Thetakudi Harihara Vinayakram (born 11 August 1942), also known as Vikku Vinayakram, is an Indian percussionist. He is also known as the God of ghatam. He plays Carnatic music with the ghatam, an earthen pot, and is credited with popularising the ghatam.

He was awarded the Padma Shri, given by Government of India in 2002, and later the 2012 Sangeet Natak Akademi Fellowship, the highest honour in the performing arts conferred by the Sangeet Natak Akademi, India's National Academy for Music, Dance and Drama. In 2014 he was awarded the Padma Bhushan.

Early life
Vinayakram was born to Kalaimaamani T. R. Harihara Sharma, a musician and teacher. He took up playing at a very young age.

Career
Vinayakram's concert career began at the age of 13. His first performance was on 5 March 1957 at the Rama Navami festival in Thoothukudi. While proceeding for the arangetram the tuned ghatam instrument was broken by a child named Ganesh, which by itself had been a good omen for his bright career. where he accompanied V.V.Sadagopan. He was soon accompanying many vocalists in Carnatic music at the time, including Chembai Vaidyanatha Bhagavatar, M K Thiagaraja Bagavathar, Dr Sirkazhi S.Govindarajan, Mangalampalli Balamuralikrishna, G. N. Balasubramaniam, Madurai Mani Iyer, Semmangudi Srinivasa Iyer, M. S. Subbulakshmi and Maharajapuram Santhanam. His brother, T. H. Subhash Chandran, also excelled in the field. The Ghatam rose to fame as a percussion instrument that required nimble fingers and strong stomach muscles to control the mouth of the pot.

Vinayakram's tryst with the international music platform came in the early 1970s when he joined Shakti to play along with John McLaughlin and Zakir Hussain.

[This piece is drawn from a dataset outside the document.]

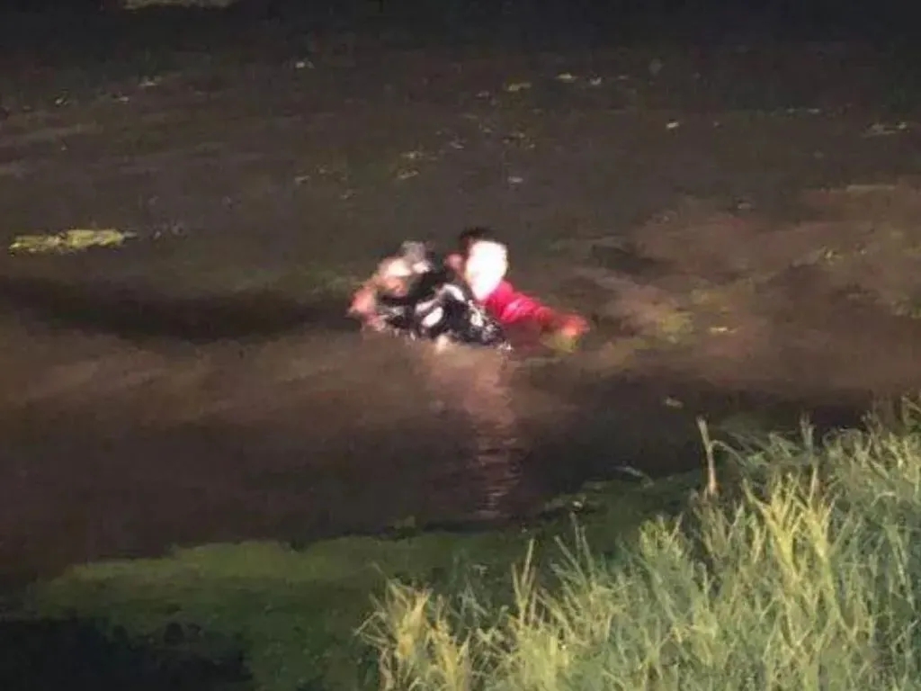 当时,姚鹏和伯母周淑梅正探亲返回,驾车途中经过桥面。看到一辆红色三轮车歪倒在水中,听到水中有人喊“救命”,姚鹏让伯母立即停车,毫不犹豫跳入河中。
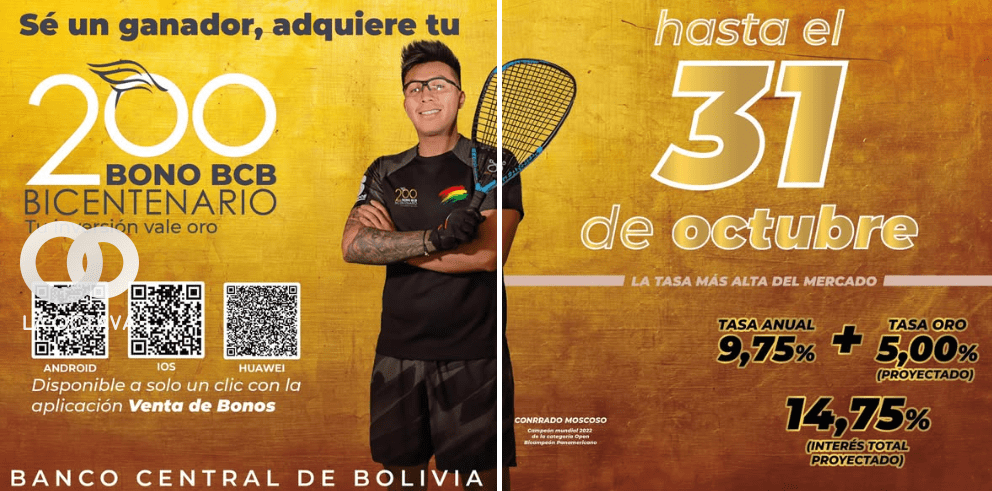 Banco Central de Bolivia (BCB) recordó que la venta del Bono BCB Bicentenario concluirá el 31 de octubre, tras cuatro meses de exitosa colocación que ya superó los Bs 520 millones. La entidad invitó a la población a aprovechar los últimos días de adquisición de este instrumento financiero, considerado seguro y altamente rentable.

He has also performed at Basant Utsav, the annual fund raiser for the Banyan.

Vinayakram is Principal of Sri Jaya Ganesh Tala Vadya Vidyalaya in Chennai, India – the academy established by his late father and teacher in 1958. It continues to produce new stars of Carnatic percussion. Vinayakram's son V. Selvaganesh is a percussionist, especially after tours with John McLaughlin's group, Remember Shakti.

Discography
 A Handful of Beauty (Shakti Album) (1976)
 Natural Elements (1977)
Planet Drum (1991) – Mickey Hart
Straight to your Heart (1990) Nadaka & Ganesh Rajagopalan
Mysterium Tremendum (2012) – Mickey Hart Band

Awards

Vinayakram was nominated for the 1996 Grammy Awards for Best World Music Album for his participation in 'Raga Aberi' along with L. Shankar on the ten string double violin and Zakir Hussain on the tabla (the piece is set in the tala cycle of 4¾ beats). The Indian Government decorated him with the Padma Shri Award in 2002.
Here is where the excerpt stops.